The 2023 Warren Alpert Foundation Prize honors computational biology pioneer David J. Lipman
The 2023 Warren Alpert Foundation Prize honors computational biology pioneer David J. Lipman

The 2023 Warren Alpert Foundation Prize celebrates a frontiersperson in computational biology

Scientist’s vision transformed the way researchers analyze data, access biomedical information

The 2023 Warren Alpert Foundation Prize has been awarded to scientist David J. Lipman for his visionary work in the conception, design, and implementation of computational tools, databases, and infrastructure that transformed the way biological information is analyzed and accessed freely and rapidly around the world. 

The Warren Alpert Foundation bestows the $500,000 award in recognition of work that has improved the understanding, prevention, treatment, or cure of human disease. The prize is administered by Harvard Medical School. 

Lipman will be honored at a scientific symposium on Oct. 11, 2023, hosted by HMS. For further information, visit The Warren Alpert Foundation Prize symposium websiteScienceSource SS2379212 2 0e351

Lipman, who is currently a senior science adviser for bioinformatics and genomics for the Food and Drug Administration, is receiving the award for work he did in the 1980s and 1990s before and after becoming the founding director of the National Center for Biotechnology Information (NCBI), a position he held until 2017.

Lipman led the development of a powerful computational program called BLAST for the analysis and comparison of newly identified DNA and protein sequences against all known DNA and protein sequences. The tool transformed researchers’ ability to access and interpret DNA, RNA, and protein sequence data and propelled the fields of computational biology and molecular biology. While at the NCBI, Lipman also conceptualized and then oversaw the design and implementation of PubMed, the web-based database for biomedical literature used daily by millions of scientists, physicians, students, teachers, and the public. Today, NCBI houses multiple biotechnology databases and resources that, over the years, have reshaped biology, medicine, and other fields of science. 

“At a time when computation was deemed an exotic pursuit by most biomedical researchers, David was prescient because he understood the potential of computation to propel biomedical science forward,” said George Q. Daley, dean of HMS and chair of the Warren Alpert Foundation Prize scientific advisory board. “His vision, creativity, and rigor have transformed how scientists analyze and share data and, indeed, how we do science.” 

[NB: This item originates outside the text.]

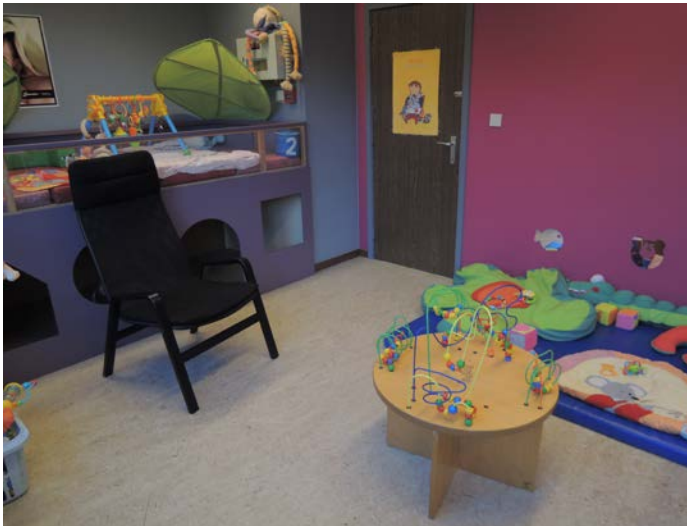
Les espaces sécurisés pour les « tout-petits »

Lipman’s pioneering achievements not only democratized access to scientific information but also helped catalyze critical discoveries by enabling vital exchanges and collaborations among scientists in multiple fields of biomedicine and beyond. 

“The foundational work of David Lipman in the field of computational biology and the tools that he envisioned and created have an impact that is nearly impossible to measure on the fields of biology, medicine, and beyond,” said David M. Hirsch, director, and chairman of the board of The Warren Alpert Foundation. “His contributions exemplify the mission and vision of the Warren Alpert Foundation.”

Significance of the work

Over the past 40 years, advances in DNA sequencing, computation, and the internet have transformed biomedical research, public health, and the practice of medicine. Lipman developed many of the most important computational tools and infrastructure for making discoveries with these technologies. 

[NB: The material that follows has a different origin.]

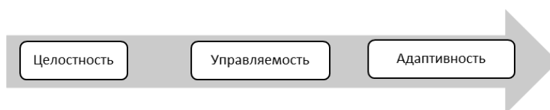
Рисунок 2 - Ключевые свойства современной СЭС

В свою очередь свойство целостности актуализирует важность каждого элемента социально-экономической системы, свойство управляемости подразумевает в себе наличие в социально-экономических элементах обратной связи, для своевременного устранения возникающих в процессе управления проблем и в заключении, свойство адаптивности означает мобильность социально-экономической системы к нестабильным условиям ее существования.

In the 1980s, as the understanding of DNA and genes accelerated, elucidating the evolutionary relationships across genes and proteins within and between species became a major focus of Lipman’s scientific curiosity and research efforts. Such knowledge is critical in elucidating evolutionary relationships that provide essential clues about the function of genes and proteins.

Early on, Lipman realized that the rapid emergence of new genetic sequencing data would require powerful and efficient computer programs to compare one DNA or protein sequence against all known sequences.

In a series of papers published between 1983 and 1990, Lipman pioneered the design of multiple methods for comparative sequence analysis. This culminated in the development of an algorithm called BLAST, described in a now seminal 1990 paper. Today, BLAST and subsequent programs, gapped BLAST, and PSI-BLAST remain among the most widely used tools in biology and medicine and are deemed among the most significant achievements in the field of computational biology of the past 40 years. 

BLAST enabled understanding of the interplay between genes, biology, physiology, and the environment across organisms and has led to important discoveries in nearly all areas of biomedical research, from the molecular basis of cancer to identify the source of a foodborne outbreak.  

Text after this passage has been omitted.